À l’Assemblée générale nationale de novembre 2018, les membres de la Fédération canadienne des étudiantes et étudiants ont voté pour appuyer le mouvement Boycott, désinvestissement et sanctions (BDS) en solidarité avec les militantes et militants des droits de la personne palestiniens. En adoptant cette motion, la Fédération réitère son appui envers la cause et la population palestiniennes, et s’engage à appuyer les organisations de la solidarité palestinienne, au cas par cas. Elle va aussi appuyer les sections locales dans le lancement de campagnes de désinvestissement des armes et en étudiant et en mettant en place les campagnes et ressources de mobilisation de la campagne BDS actuelles.

Le mouvement BDS est un appel de la Palestinian Civil Society qui cible de manière non violente la complicité institutionnelle et économique avec l’occupation et les violations des droits de la personne. En adoptant BDS, la Fédération se joint au rang d’autres organisations de société civile canadiennes comme le Syndicat des travailleurs et travailleuses des postes (STTP), le Syndicat canadien de la fonction publique-Ontario (SCFP-Ontario), l’Église unie, l’Église mennonite du Canada, et l’Association pour une solidarité syndicale étudiante (ASSÉ), qui ont adopté des résolutions similaires.

La décision de la Fédération d’appuyer le mouvement BDS vient après des décennies de violations du droit international en matière des droits de la personne et de violence quotidienne perpétrées contre le peuple palestinien de la part de l’État d’Israël. Les enfants palestiniens se font couramment refuser un accès à une éducation de qualité à cause de cette violence. Les violations flagrantes des droits fondamentaux de la personne de la part de l’État d’Israël sont condamnées depuis longtemps par des organisations internationales des droits de la personne, notamment Amnesty International, Human Rights Watch et le Mouvement mondial des droits humains, et pourtant les atrocités commises à Gaza et dans d’autres régions de la Palestine continuent de s’aggraver sans fin en vue.
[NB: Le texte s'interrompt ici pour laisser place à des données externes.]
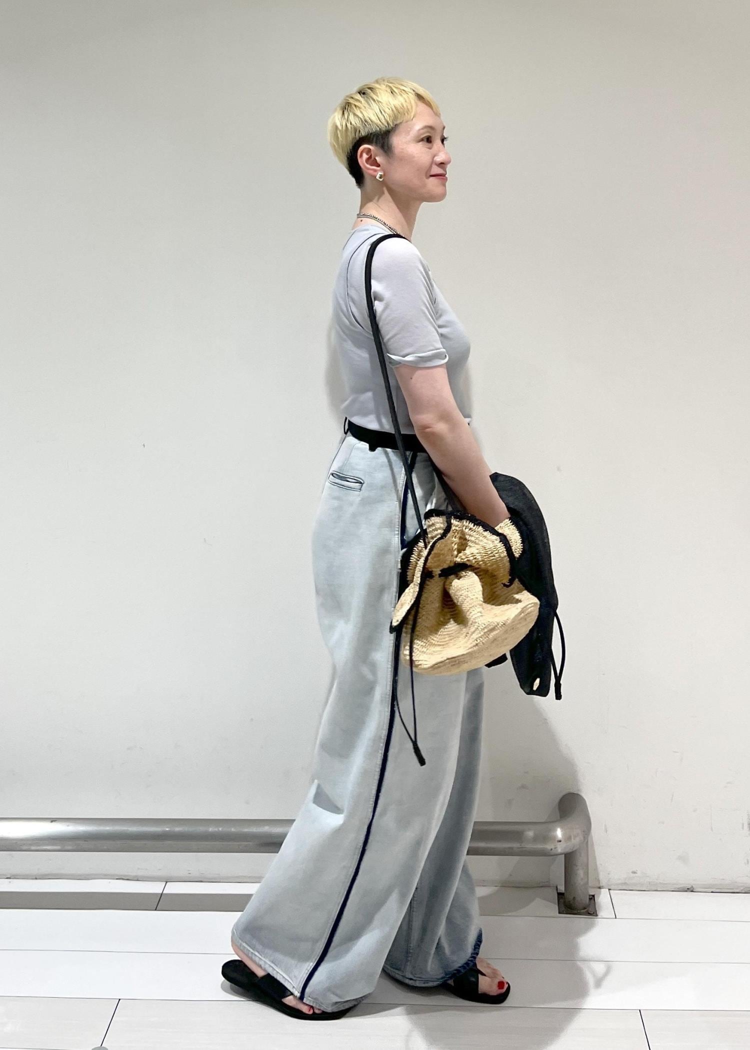 柔らかな素材のデニムなので着心地も楽です。裾のラインは前側が長くなっていて、スタイルアップ効果があります。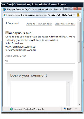 Dean and Anja Clapp are riding a tandem bicycle all the way from Cairns to Broome .... a belated honeymoon after marrying in June 2007. Dean will celebrate his 60th birthday along the Savannah Way. Starting from their home in Cairns on June 1 2008 and finishing up in Western Australia sometime in August. Dean owns "Crocodile Express" nature cruises based on the Daintree River which he has operated sucessfully for 22 years. Anja operates "Body Mechanix" natural therapies and remedial massage and recently completed her diploma in remedial massage, myofascial / craniosacral. No doubt, Dean will take full advantage to keep his motor tuned.

En l’absence d’action significative de la part de la communauté internationale pour protéger les droits du peuple palestinien, le mouvement BDS utilise des stratégies non violentes pour tenter de faire pression sur le gouvernement israélien afin qu’il reconnaisse le droit fondamental du peuple palestinien à vivre à l’abri du déplacement forcé et de la violence.

La Fédération veut déclarer sans ambiguïté que sa position contre les atrocités commises contre le peuple palestinien par l’État d’Israël ne devrait pas être confondue avec l’antisémitisme. La Fédération continue de s’opposer fermement à l’antisémitisme sur nos campus et dans nos communautés et met de l’avant les voix des groupes étudiants juifs comme les Independent Jewish Voices et leurs chapitres de campus sur les enjeux qui les affectent. La hausse de la suprématie blanche et des évènements antisémites sur nos campus et dans nos communautés sont réels et inquiétants. Lors de cette assemblée générale, les membres ont aussi voté pour revitaliser notre campagne contre l’antisémitisme de longue date en développant du nouveau matériel et de nouvelles stratégies de mise en place sur les campus.

Nous avons depuis longtemps le mandat en tant qu’organisation d’adopter une position de principe contre les violations des droits de la personne. Dans les années 1960, l’organisation précurseur à la Fédération, l’Union canadienne des étudiants, était l’un des premiers groupes étudiants au Canada à promouvoir une campagne de désinvestissement contre le gouvernement de l’Apartheid en Afrique du Sud. La Fédération était aussi membre d’une coalition d’organisations qui se sont vigoureusement opposées aux guerres en Iraq et an Afghanistan. Ainsi, l’appui de la Fédération envers le mouvement BDS ne fait que démontrer que l’organisation étudiante la plus ancienne et la plus importante au Canada demeure engagée envers ses principes anti-guerre et pro-droits de la personne.